Sep. 11, 2014, 10:46 AM

Vanderbilt University’s Richard Caprioli, Ph.D., is participating in a national, federally funded collaboration to develop an intravaginal ring capable of delivering antiretroviral drugs to women at risk for HIV infection.

Richard Caprioli, Ph.D.

Caprioli, the Stanford Moore Professor of Biochemistry, directs the Mass Spectrometry Research Center at Vanderbilt. He and his colleagues will provide mass spectrometry expertise to the national effort, led by Marc Baum, Ph.D., president and senior faculty of the Oak Crest Institute of Science in Pasadena, California.

Last month the institute received a five-year, $20 million grant from the National Institutes of Health (NIH) to support the research. Vanderbilt will receive $565,000 over that period to measure, through mass spectrometry methods, the distribution of antiretroviral drugs in tissues surrounding the ring.

“The distribution of the compound in the tissue is a critical issue to assess its efficacy in preventing infection,” Caprioli said.
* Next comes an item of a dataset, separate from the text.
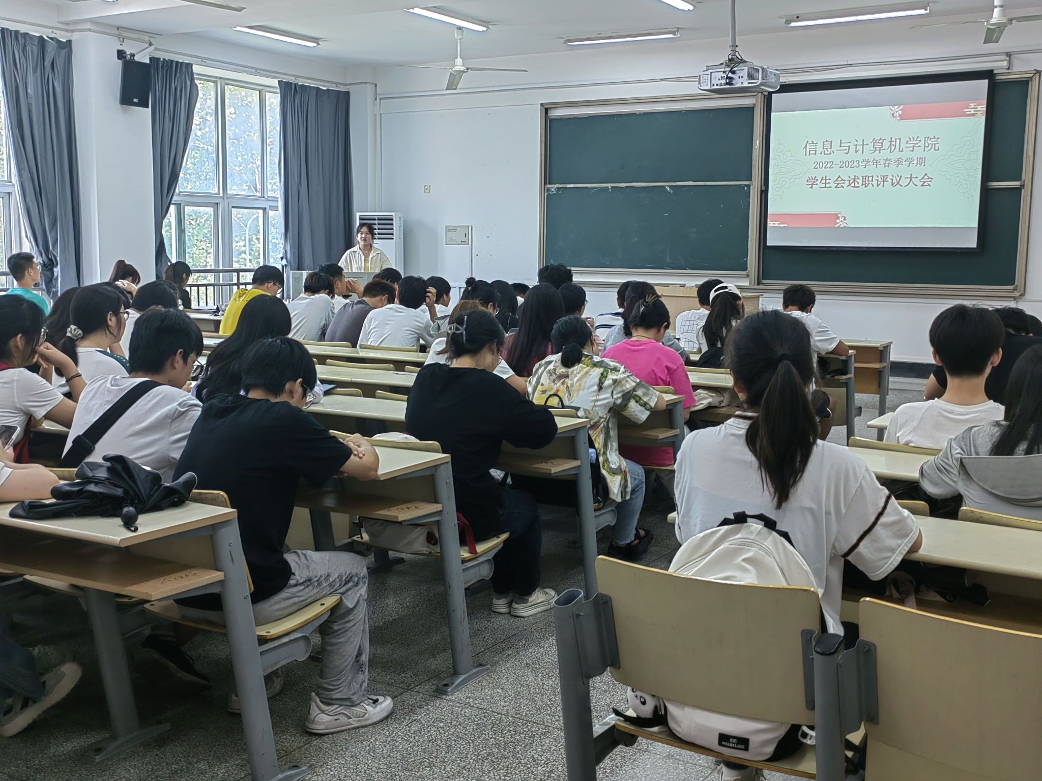 本网讯 6月14日,信息与计算机学院2022-2023学年春季学期学生会(研究生会)述职评议大会在信计楼204教室和中西部实验楼779会议室开展。学院团学工作负责老师以及学生代表近80人参与了述职大会。

Vanderbilt is a national leader in the development of mass spectrometry methods, including matrix-assisted laser desorption ionization imaging mass spectrometry (MALDI IMS), which Caprioli said was uniquely suited to the research.

The collaboration also includes the U.S. Centers for Disease Control and Prevention, University of Texas Medical Branch in Galveston, Johns Hopkins University, University of Colorado, Boulder, Scripps Research Institute in La Jolla, California, University of California, Los Angeles, and Auritec Pharmaceuticals in Santa Monica, California.